Every line of the material below should be output exactly as written, with the images skipped.

* _Study material_
..............................

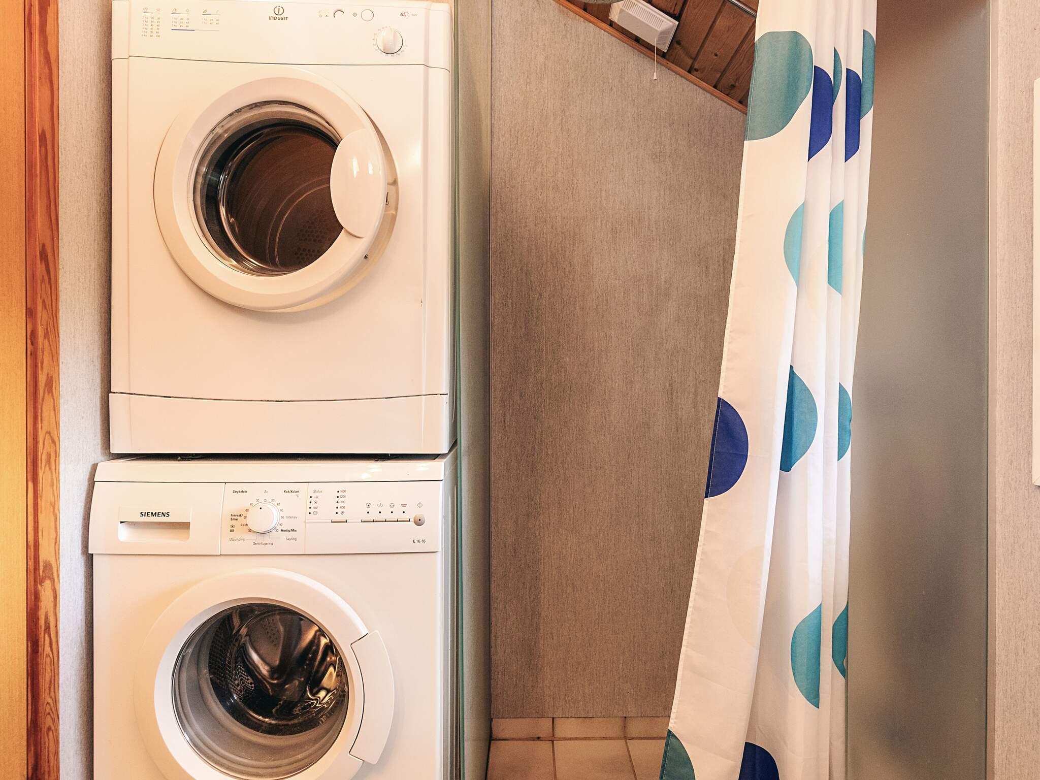 Off. Küche: E-Herd, Kühlschr. m. Gefrierfach, Gefriertruhe 1-59 l., Mikrow., Abzugsh., Kaffeem., Spülm., Waschm, Trockner
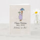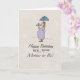 Feliz Aniversário para a mãe ficar grávida. Este cartão bonito mostra uma mãe cuidando do seu bebê batendo com um mini guarda-chuva. Perfeito para um chá de fraldas!
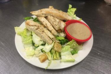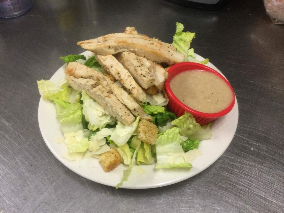 Chicken Caesar Salad Chicken Caesar Salad Crispy romaine lettuce topped with grilled chicken breast, croutons and shredded parmesan tossed in caesar dressing. $9.00
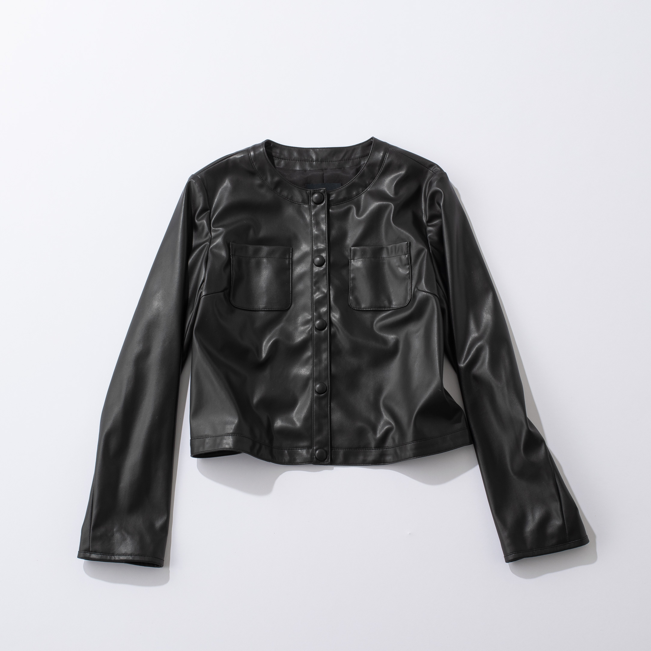 トレンドのフェイクレザーを使用した今どきな1着。どんなボトムスにも合わせやすい丈感が嬉しい!共布のくるみボタンの使用により上品な印象に。オンオフ問わず活躍すること間違いなし。ブルゾン¥20,900(ノーク)
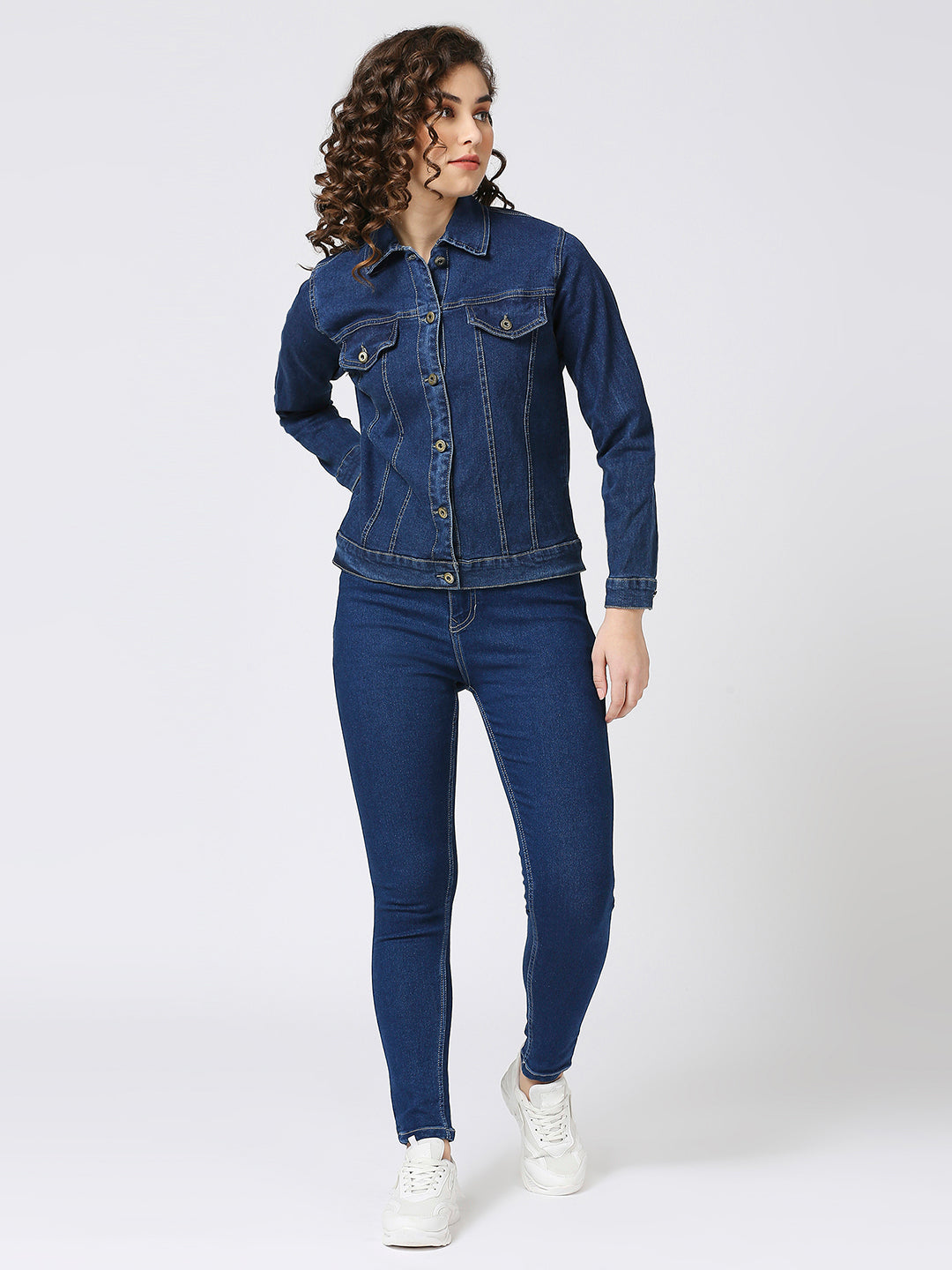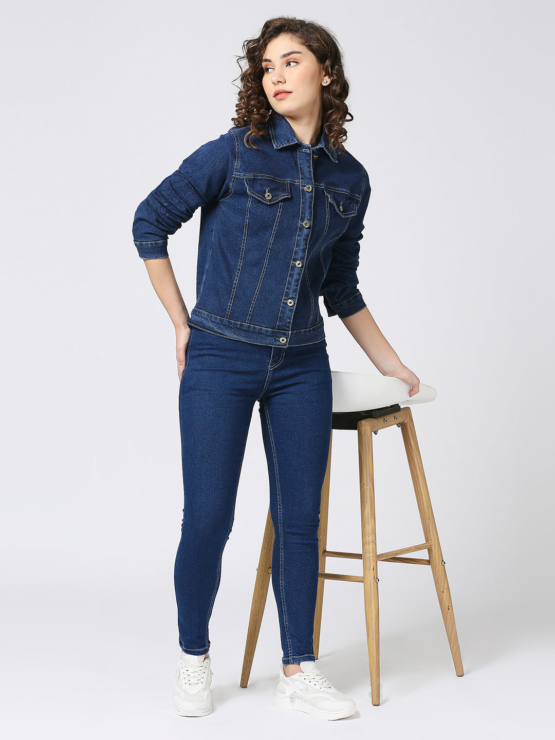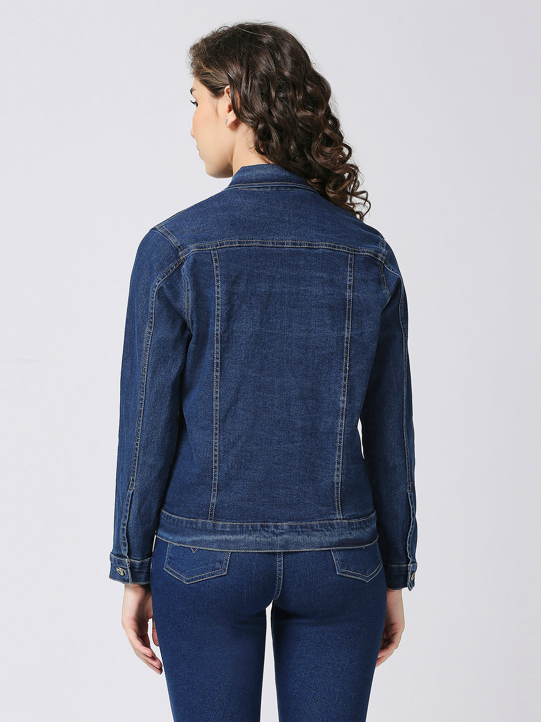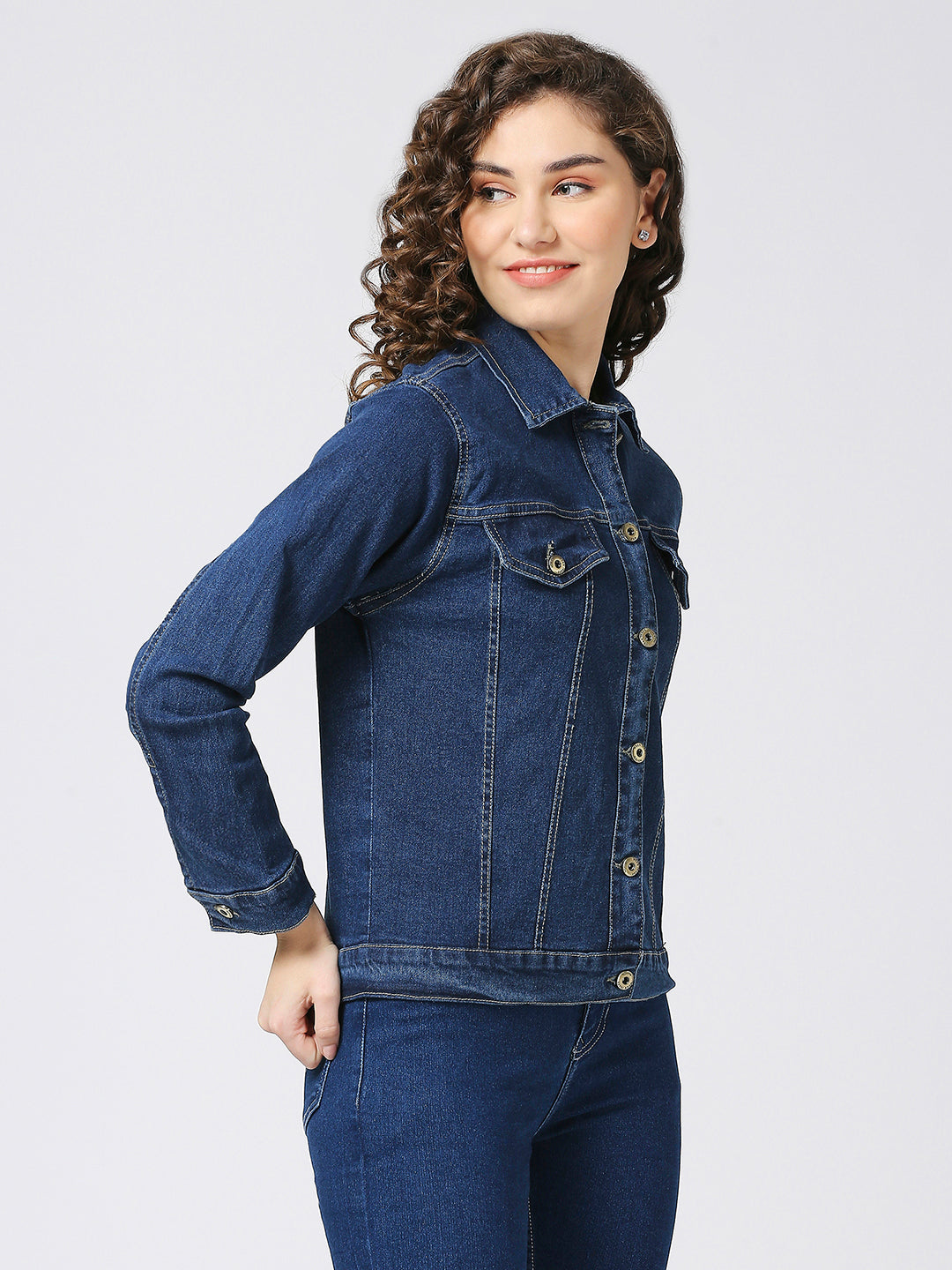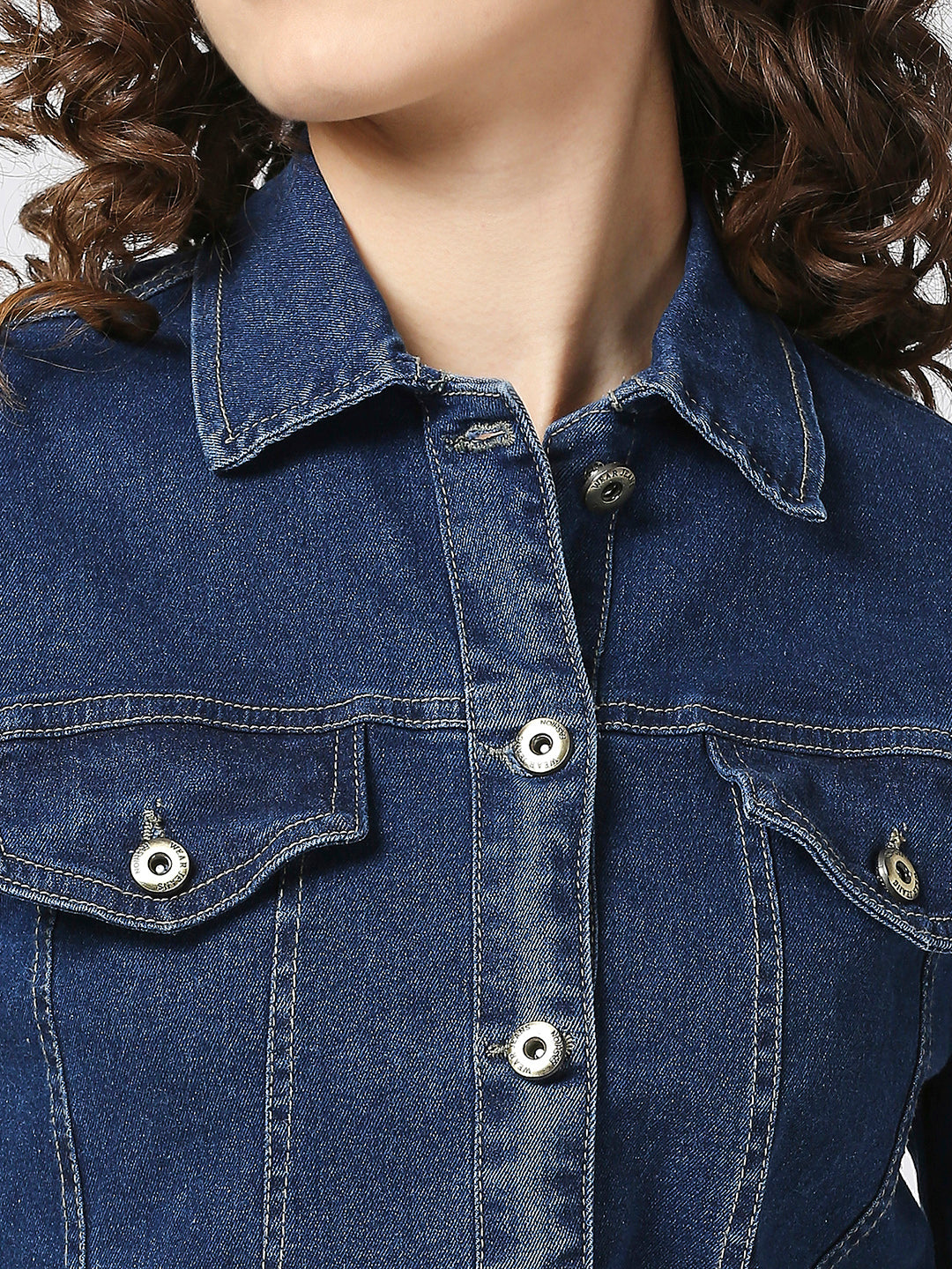 This Cefalu Dark Blue Denim Jacket for women is made from durable and high-quality denim material, ensuring its longevity. Its waist length, full sleeves, and spread collar make it the perfect layering piece for a casual, stylish look. With a solid design and button-down closure, this jacket is a must-have for any wardrobe.

..............................

* _Exercise output_
 Off. Küche: E-Herd, Kühlschr. m. Gefrierfach, Gefriertruhe 1-59 l., Mikrow., Abzugsh., Kaffeem., Spülm., Waschm, Trockner
 Feliz Aniversário para a mãe ficar grávida. Este cartão bonito mostra uma mãe cuidando do seu bebê batendo com um mini guarda-chuva. Perfeito para um chá de fraldas!
 Chicken Caesar Salad Chicken Caesar Salad Crispy romaine lettuce topped with grilled chicken breast, croutons and shredded parmesan tossed in caesar dressing. $9.00
 トレンドのフェイクレザーを使用した今どきな1着。どんなボトムスにも合わせやすい丈感が嬉しい!共布のくるみボタンの使用により上品な印象に。オンオフ問わず活躍すること間違いなし。ブルゾン¥20,900(ノーク)
 This Cefalu Dark Blue Denim Jacket for women is made from durable and high-quality denim material, ensuring its longevity. Its waist length, full sleeves, and spread collar make it the perfect layering piece for a casual, stylish look. With a solid design and button-down closure, this jacket is a must-have for any wardrobe.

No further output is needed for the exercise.